Extreme gerrymandering
In the 2010 elections, Republicans won a historic number of seats in state legislatures across the country. This allowed them to control the post-census redistricting in key swing states, including North Carolina. They drew maps that packed Democrats and Black voters into a few districts. Thanks to technological innovation, the districts were more severely gerrymandered than any districts in modern history.
From 2013 to 2018 Republicans had a supermajority in both chambers of the North Carolina legislature, with enough votes to override the governor's vetoes. But in 2017, the U.S. Supreme Court ordered the legislature to redraw districts that discriminated against Black voters.
In response to the ruling, Republican state Rep.
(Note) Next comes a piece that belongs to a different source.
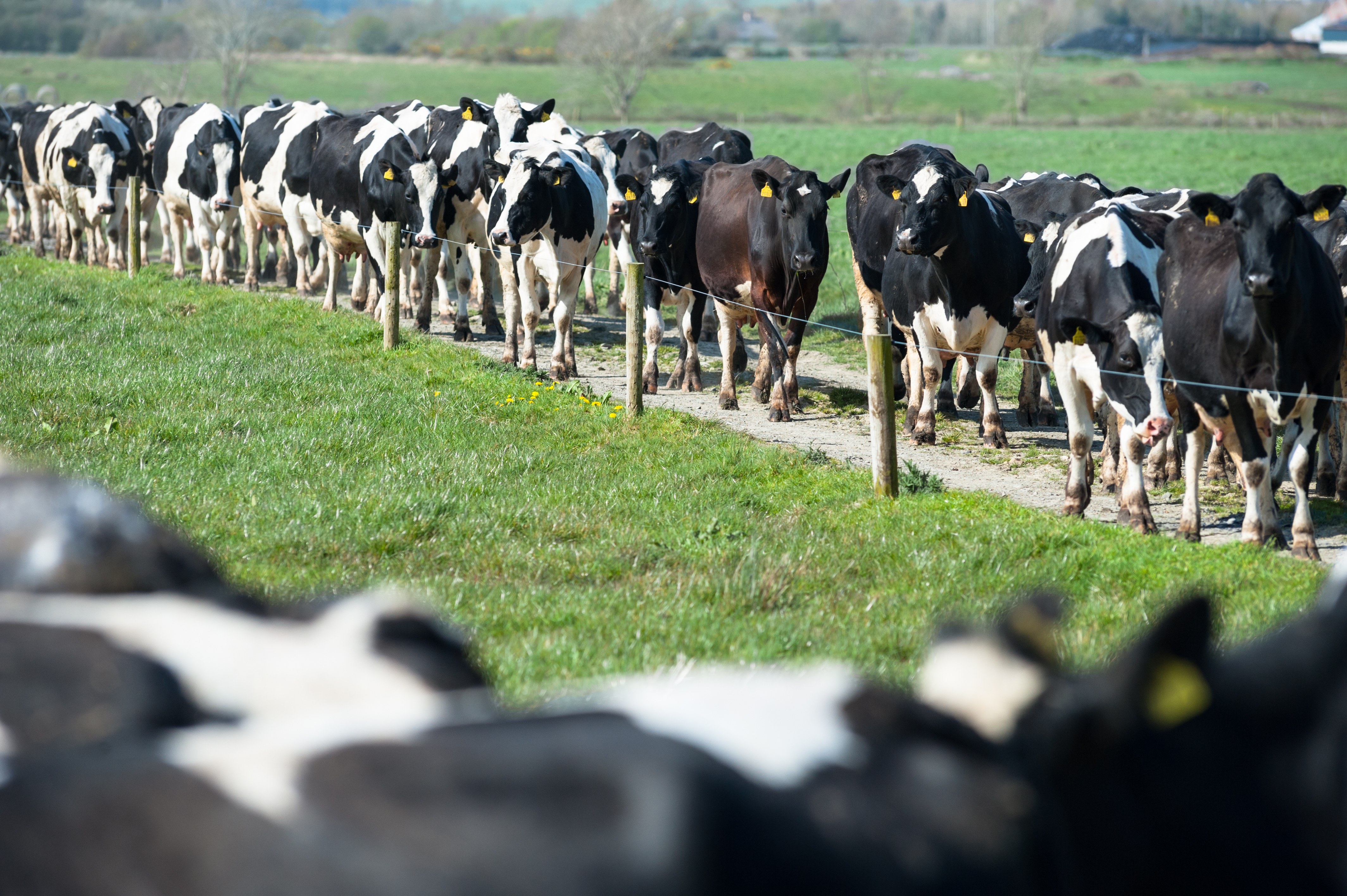 Herd,Of,Dairy,Cows,Walking,On,Farm,Path
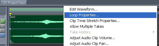 Однако, оказывается, что в программе реализована возможность любой музыкальный фрагмент, любой аудиофайл сделать лупом, то есть бесконечно повторяющимся семплом. Для этого нужно в окне редактора мультитрек, кликнуть по загруженному треку правой кнопкой мыши и выбрать к меню вкладку Loop Propotries

David Lewis announced that the legislature would begin redistricting and draw congressional districts that elected 10 Republicans to the 13 districts, even when Democrats got more total votes.
In June 2019, the U.S. Supreme Court rejected a lawsuit challenging the North Carolina legislature's blatant partisan gerrymandering of congressional districts. The conservative justices noted that state courts could apply state constitutions to address gerrymandering. Two months later, North Carolina courts accepted that invitation.
A three-judge panel unanimously ruled in September 2019 that extreme gerrymandering violates the state constitution, including the right to vote in "free" elections. Quoting a 1787 precedent, the judges warned that lawmakers could declare themselves "legislators of the state for life, without any further election of the people," if courts didn't step in when they exceeded their authority.
The court ordered new maps within two weeks. As Facing South reported at the time, Republican legislators began by stating that, in an effort to save time, they would use one of the 1,000 sample maps created by an expert witness in the recent trial as a "base map." Each chamber of the legislature selected a set of maps and chose one of them at random.
Common Cause North Carolina, which filed the lawsuit challenging the districts, said legislators never explained why the House and Senate pulled their base maps from different sets. "Notably, the set chosen by each chamber is the one that is relatively more favorable to Republicans," the group noted.
An analysis by Sam Wang of the Princeton Gerrymandering Project found that on average, the Senate's base map was "still biased toward Republicans." And he said the House's map included "between one-half and two-thirds of the partisan advantage that was present in the illegal gerrymander." Wang had recommended that legislators choose as their base maps the expert witness maps that didn't tilt towards one party or the other.
The newly drawn House districts, which passed the legislature along party lines, faced objections from Common Cause. The group said the House had violated several provisions of the court order, including a mandate to secure the judges' approval to hire outside consultants. It also said that House incumbents "ignored compactness in amending the maps to protect themselves."
The process was live streamed, pursuant to the court's order, and voters watched incumbents redraw the boundaries of their own districts. Common Cause argued that many revisions made the districts more similar to the ones that had just been struck down. In one district in the city of Winston-Salem, for example, Common Cause said the amendments to the base map "recreated the specific features of the prior gerrymander."
Common Cause pointed out that experts found the state House districts were "extreme partisan outliers." But the court approved them anyway. The judges said they could discern "no motive to disadvantage Democratic voters" in the changes to the Winston-Salem districts.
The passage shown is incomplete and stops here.